Task objective:
Restate the data word for word and leave the images out.

Working data:
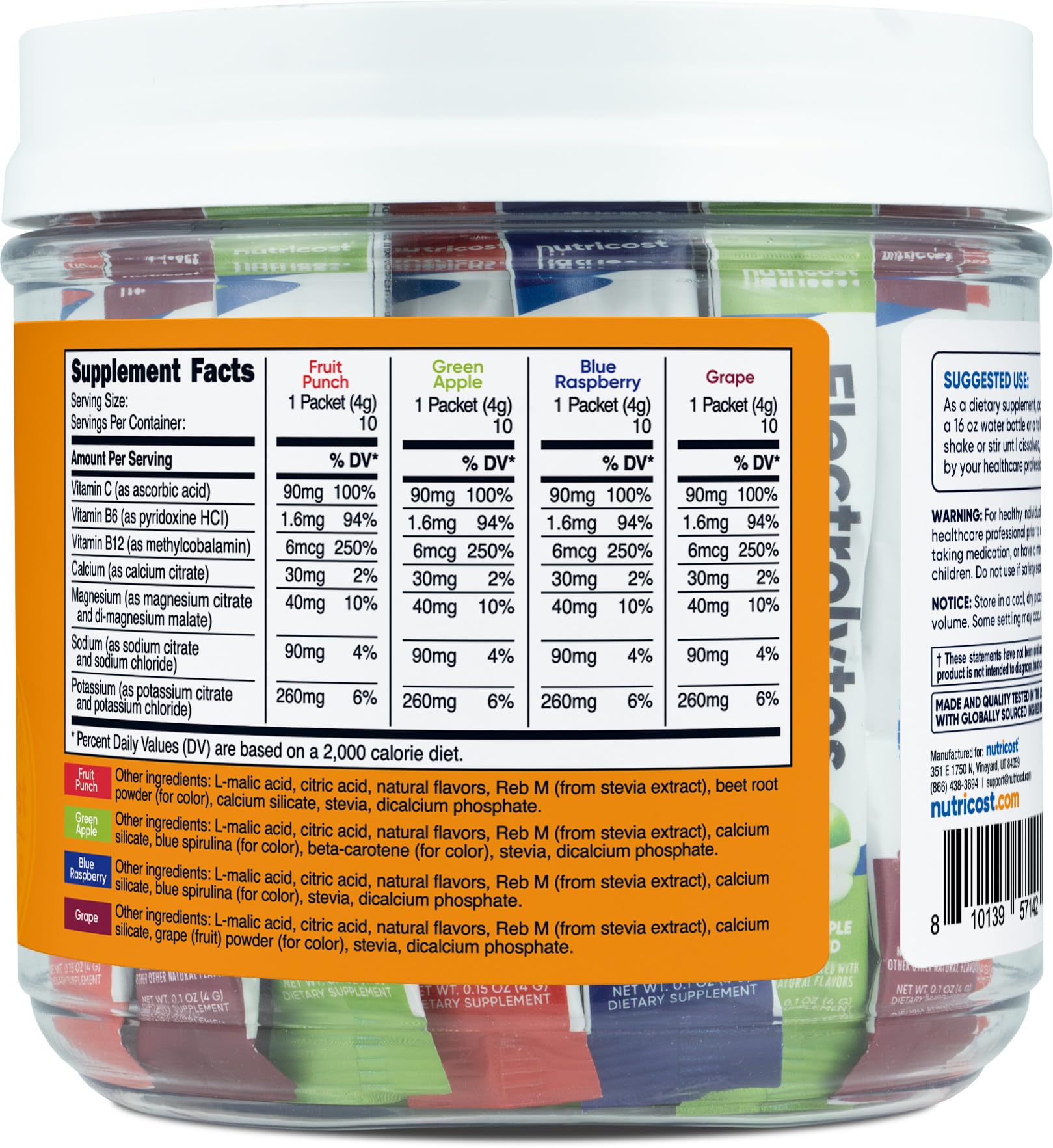 Nutricost Electrolytes Complex, Variety Pack Flavored, 40 Stickpacks - Advanced Hydration Complex
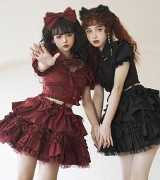 塔莉亞之歌🎀春夏日系原宿純色紅黑打歌服短袖方領紗辣妹短蛋糕裙SK綁帶蝴蝶結蕾絲荷葉邊Lolita蘿莉塔軟妹半
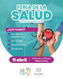 Zacapu, Michoacán a 08 de Abril de 2025. Con el firme compromiso de mejorar la calidad de vida de la ciudadanía, el Sistema DIF Zacapu invita a toda la población a participar en la Feria de la Salud, un evento gratuito que tiene como objetivo promover el bienestar...
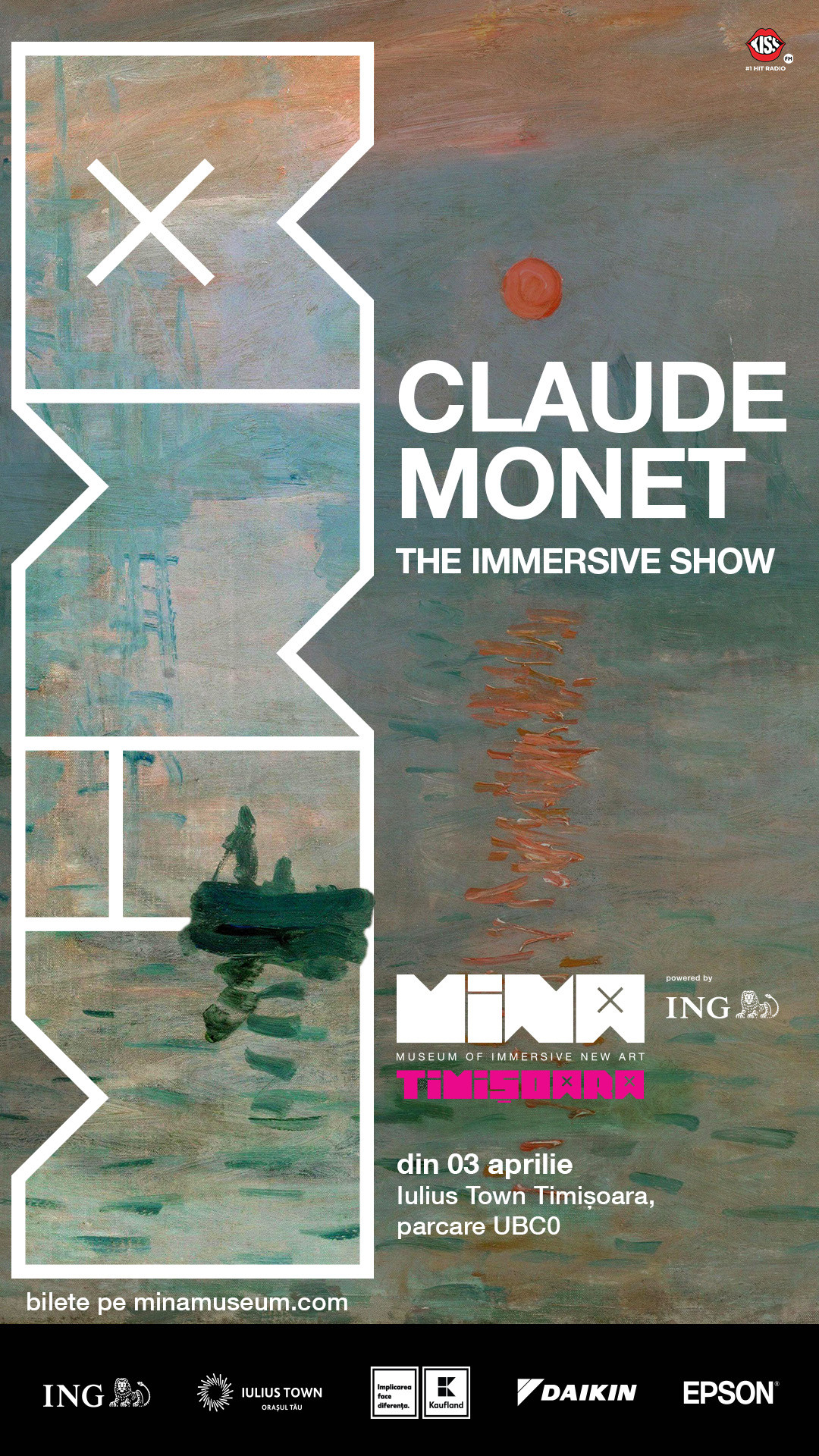 Monet: The Immersive Show – o incursiune în universul impresionist al lui Claude Monet, cu peste 160 de lucrări prezentate într-un format imersiv structurat în 11 capitole tematice, de la „Impresie, Răsărit de soare” la celebra serie „Nymphéas”.
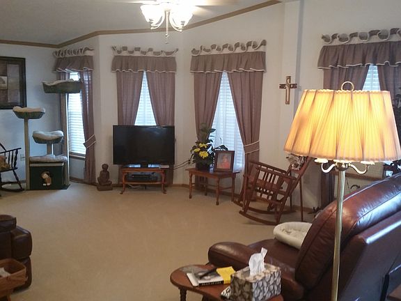 UNDER CONTRACT AS OF 8/8/14 GREAT LOCATION - FARM VIEW. This 2006 Pine Grove beautifully landscaped home is located in Eastwood Village and backs up to common area with peaceful surroundings. It is a 3BR, 2BTH drywall home. Features front 8x28 porch and 10 x 16 sunroom wtih ramp to the exterior. Enter into spacious living room that can accommodate larger furniture and has a corner stone gas remote fireplace. The kitchen and dining room flow off of Living room. Beautiful Hearthwall kitchen has raised panel cabinets, island with addtional drawers and cabinets for storage and a small bar sink beside the gas range. Appliances included are a 22 CuFt SBS refrigerator with ice and water, slide in gas range oven, microwave, dishwasher, washer and dryer. Master Suite has large walk in closet, platform soaker tub and separate corner shower. Immaculate, very well maintained home with service contracts on heating and cooling units. There are five TV and Phone jacks. An 8 x 10 shed wth platform around also included. Call today for your showing!
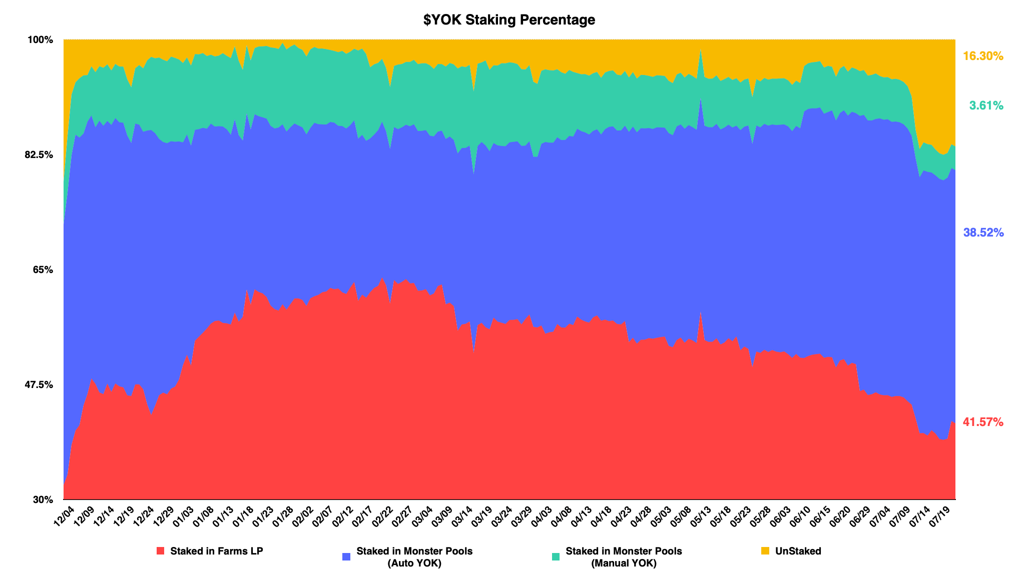 受目前 YokaiSwap Godwoken v1 迁移影响,目前大约有 16.30%的 YOK 处于未质押状态,上一期该值为 16.05%。
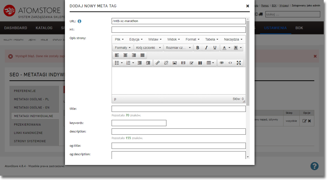 Wystarczy podać URL, a następnie zdefiniować poszczególne elementy. Gdyby tego było mało, AtomStore pozwala także na definiowanie indywidualnych opisów i nagłówków H1. Ustawienia metadanych są dostępne także przez edycje indywidualnych kartotek produktów i kategorii.
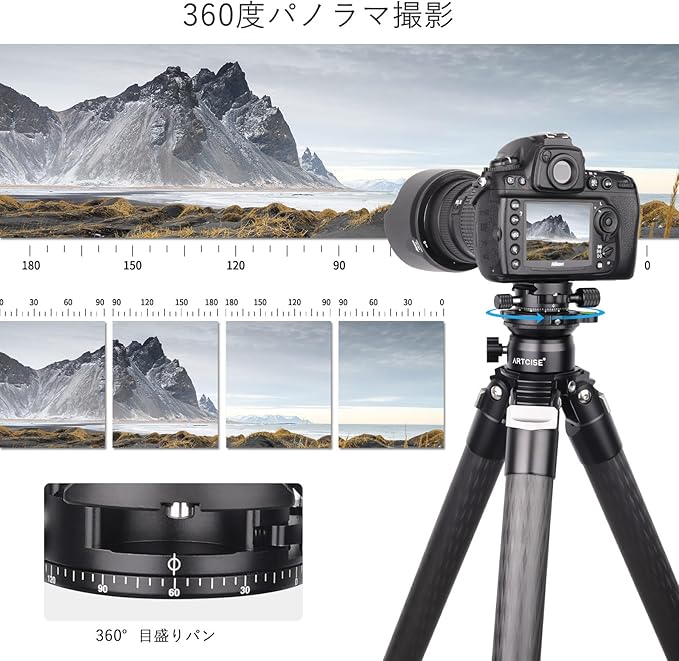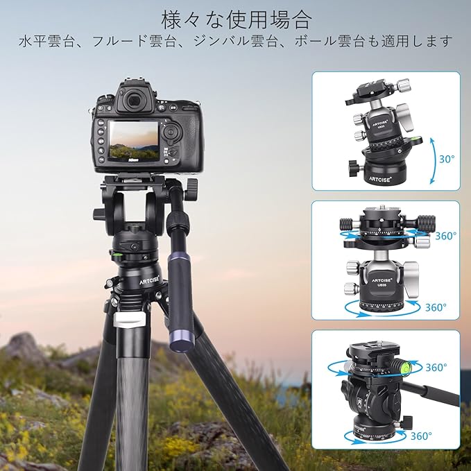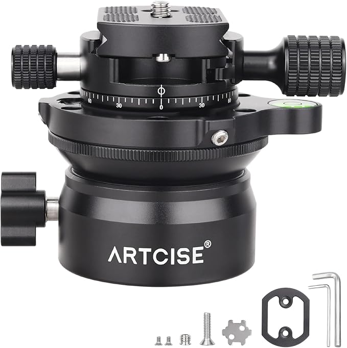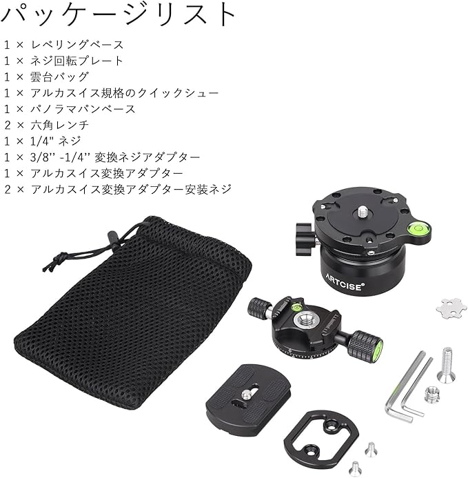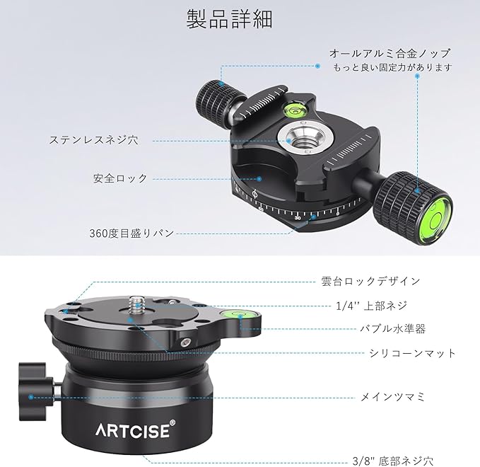 ARTCISE レベリングベース 三脚水平雲台+パノラマパンキット アルミ合金 速くて水平調整 三脚ヘッド +15 /-15 傾斜範囲 360度全景撮影プレート 最大耐荷重10キロ
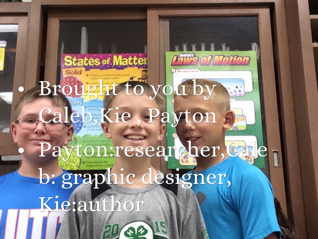 Payton:researcher,Caleb: graphic designer, Kie:author
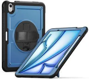 TNP Protective Case for iPad Air 6th M2 2024 11 Inch, 5th 4th Gen 10.9 inch and iPad Pro 4th 3rd 2nd Generation (2022 2021 2020 2018) w/Pencil Holder, Handle, Stand & Shoulder Strap, Blue
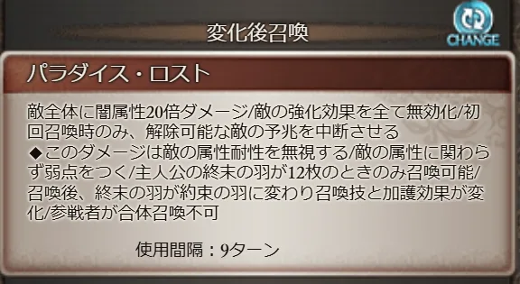 ◆このダメージは敵の属性耐性を無視する/敵の属性に関わらず弱点をつく/主人公の終末の羽が12枚のときのみ召喚可能/召喚後、終末の羽が約束の羽に変わり召喚技と加護効果が変化/参戦者が合体召喚不可

Reply to the task:
 Nutricost Electrolytes Complex, Variety Pack Flavored, 40 Stickpacks - Advanced Hydration Complex
 塔莉亞之歌🎀春夏日系原宿純色紅黑打歌服短袖方領紗辣妹短蛋糕裙SK綁帶蝴蝶結蕾絲荷葉邊Lolita蘿莉塔軟妹半
 Zacapu, Michoacán a 08 de Abril de 2025. Con el firme compromiso de mejorar la calidad de vida de la ciudadanía, el Sistema DIF Zacapu invita a toda la población a participar en la Feria de la Salud, un evento gratuito que tiene como objetivo promover el bienestar...
 Monet: The Immersive Show – o incursiune în universul impresionist al lui Claude Monet, cu peste 160 de lucrări prezentate într-un format imersiv structurat în 11 capitole tematice, de la „Impresie, Răsărit de soare” la celebra serie „Nymphéas”.
 UNDER CONTRACT AS OF 8/8/14 GREAT LOCATION - FARM VIEW. This 2006 Pine Grove beautifully landscaped home is located in Eastwood Village and backs up to common area with peaceful surroundings. It is a 3BR, 2BTH drywall home. Features front 8x28 porch and 10 x 16 sunroom wtih ramp to the exterior. Enter into spacious living room that can accommodate larger furniture and has a corner stone gas remote fireplace. The kitchen and dining room flow off of Living room. Beautiful Hearthwall kitchen has raised panel cabinets, island with addtional drawers and cabinets for storage and a small bar sink beside the gas range. Appliances included are a 22 CuFt SBS refrigerator with ice and water, slide in gas range oven, microwave, dishwasher, washer and dryer. Master Suite has large walk in closet, platform soaker tub and separate corner shower. Immaculate, very well maintained home with service contracts on heating and cooling units. There are five TV and Phone jacks. An 8 x 10 shed wth platform around also included. Call today for your showing!
 受目前 YokaiSwap Godwoken v1 迁移影响,目前大约有 16.30%的 YOK 处于未质押状态,上一期该值为 16.05%。
 Wystarczy podać URL, a następnie zdefiniować poszczególne elementy. Gdyby tego było mało, AtomStore pozwala także na definiowanie indywidualnych opisów i nagłówków H1. Ustawienia metadanych są dostępne także przez edycje indywidualnych kartotek produktów i kategorii.
 ARTCISE レベリングベース 三脚水平雲台+パノラマパンキット アルミ合金 速くて水平調整 三脚ヘッド +15 /-15 傾斜範囲 360度全景撮影プレート 最大耐荷重10キロ
 Payton:researcher,Caleb: graphic designer, Kie:author
 TNP Protective Case for iPad Air 6th M2 2024 11 Inch, 5th 4th Gen 10.9 inch and iPad Pro 4th 3rd 2nd Generation (2022 2021 2020 2018) w/Pencil Holder, Handle, Stand & Shoulder Strap, Blue
 ◆このダメージは敵の属性耐性を無視する/敵の属性に関わらず弱点をつく/主人公の終末の羽が12枚のときのみ召喚可能/召喚後、終末の羽が約束の羽に変わり召喚技と加護効果が変化/参戦者が合体召喚不可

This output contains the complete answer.